FIG. 4 shows yet another embodiment of the invention. Sleeves 15 and 16 made of thin metal plates are provided on the upper and lower surfaces of a bearing 2 that rotatably supports the shaft 1. The sleeve 15 is bonded to the lower surface of the housing 3, while the sleeve 16 is bonded to the upper surface of the shaft 1. Since the inner race and outer race of the bearing 2 are supported with high precision by these sleeves 15 and 16, the shaft 1 can be attached to the housing 3 with precision in microns. In the figure, 17 and 18 are nuts for fixing the bearing 2, and the sleeve 1
5 and 16 are also extended to this part. Therefore, the extension portions of the sleeves 15, 16 are threaded to engage the nuts, but the sleeves 15, 16 are
Since it is made of a thin metal plate, the nut can be screwed securely, and the mounting strength during screwing is also improved.

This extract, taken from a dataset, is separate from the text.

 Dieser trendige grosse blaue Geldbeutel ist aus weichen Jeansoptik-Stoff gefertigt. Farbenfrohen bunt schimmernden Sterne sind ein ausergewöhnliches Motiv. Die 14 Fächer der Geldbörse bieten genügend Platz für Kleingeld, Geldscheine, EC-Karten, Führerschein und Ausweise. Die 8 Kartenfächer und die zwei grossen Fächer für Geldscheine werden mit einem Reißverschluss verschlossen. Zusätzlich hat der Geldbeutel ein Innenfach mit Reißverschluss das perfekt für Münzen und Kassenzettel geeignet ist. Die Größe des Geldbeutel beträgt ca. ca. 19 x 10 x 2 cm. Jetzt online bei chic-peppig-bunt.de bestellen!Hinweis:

Note that the present invention is not limited to the above embodiments, and can be modified in various ways. In order to improve the detection accuracy of the sensor, this invention uses a thin metal plate as the fixing surface for parts that require high dimensional accuracy. Some thin metal plates may be omitted. or,
In the cover part 12, since the thin metal plate blocks external noise, the entire cover part 12 does not need to be made of a thin metal plate, and only the surface of the cover part 12 may be covered with a thin metal plate. Furthermore, the cover part 12
A magnetic metal plate can be used to provide magnetic shielding.

[Effect of idea]

As described above, the present invention uses thin metal plates for parts that require dimensional accuracy, such as the fixed surface of the rotating disk and the fixed surface of the sensor base that supports the fixed slit plate that is the component of the sensor. In addition to eliminating the need for high-precision processing,
Parts that do not require dimensional accuracy can be molded from lightweight non-metallic materials, making it possible to reduce the weight of the encoder.

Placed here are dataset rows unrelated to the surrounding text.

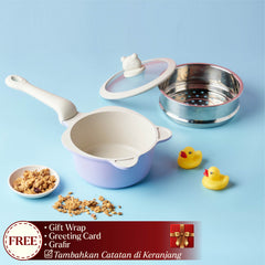 • Sauce Pan 16 cm dengan tutup kaca + 1 pcs steamer
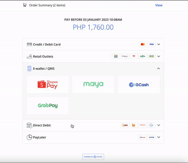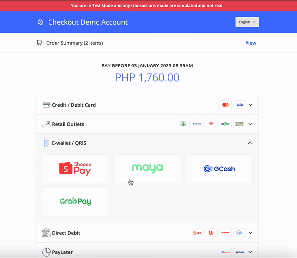 Terdapat dua pilihan untuk melakukan simulasi pembayaran Ewallet melalui tautan pembayaran untuk kanal Ewallet di Filipina :
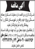 آگهی مناقصه آرماتور بندی و بتن ریزی چاپ شده در روزنامه ابرار
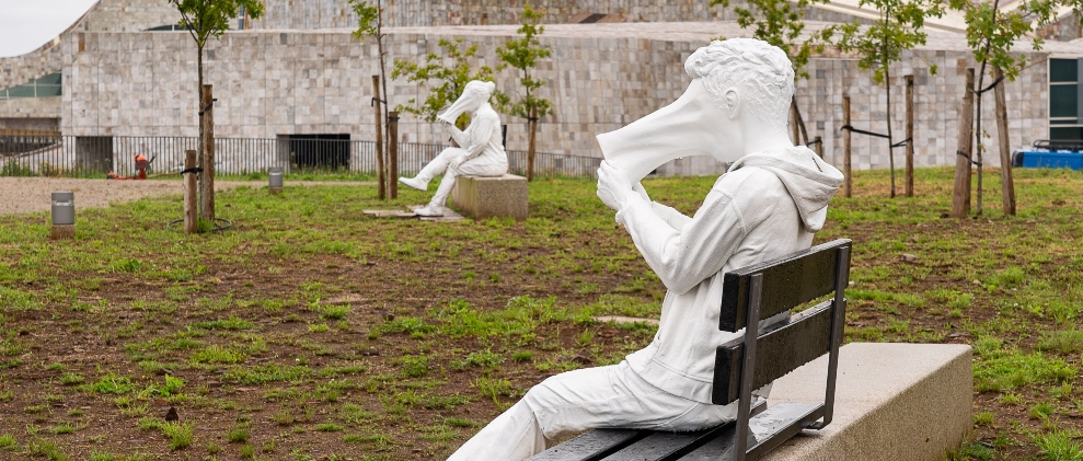 Partiendo de las ideas del filósofo surcoreano Byung-Chul Han alrededor de la alienación provocada por el abuso de las nuevas tecnologías, el artista gallego presenta tres figuras, hombres y mujeres sosteniendo el móvil, con sus rostros desfigurados en un mimetismo total con la pantalla del teléfono, llegando incluso a dar la espalda a la vista de las torres de la Catedral de Santiago que se puede contemplar desde la cumbre del Gaiás.

[Brief explanation of the drawing]

Fig. 1 is a vertical sectional view of the upper half of an embodiment of the present invention, Fig. 2 is a partial sectional view showing a modification thereof, and Fig. 3 is a partial sectional view of the upper half of an embodiment of the present invention.
The figure is a longitudinal sectional view of another embodiment, and FIG. 4 is a longitudinal sectional view of still another embodiment. DESCRIPTION OF SYMBOLS 1... Shaft, 1a... Hub part, 2... Bearing, 3... Housing, 4, 11... Mounting plate, 5... Sensor base (sensor), 6... Fixed slit plate (sensor), 7... ...Rotating disk, 8
...LED case, 9 ...Light emitting element (sensor), 1
0... Waveform shaping circuit (sensor), 12... Cover part, 13... Magnetoresistive element (sensor), 15, 1
6...Sleeve, 17, 18...Natsuto.

Claims (1)

[Claims for Utility Model Registration] 1. A rotating disk that is attached to a shaft that is attached to a rotating shaft and rotates integrally with the rotating shaft, and a housing that has a cover that surrounds the rotating disk and rotatably supports the shaft. , a sensor provided in a housing corresponding to the rotating disk and detecting the rotation of the rotating disk optically or magnetically to detect the rotation angle or rotation speed of the rotating shaft. and a housing made of a non-metallic lightweight material, a mounting plate made of a thin metal plate is provided on at least a sensor fixing surface of the housing and a rotary disk fixing surface of the shaft, and the cover part is electrically connected to the mounting plate. An encoder characterized by comprising a thin-walled metal plate. 2. The encoder according to claim 1, wherein the shaft support portion of the housing is provided with a sleeve made of a thin metal plate.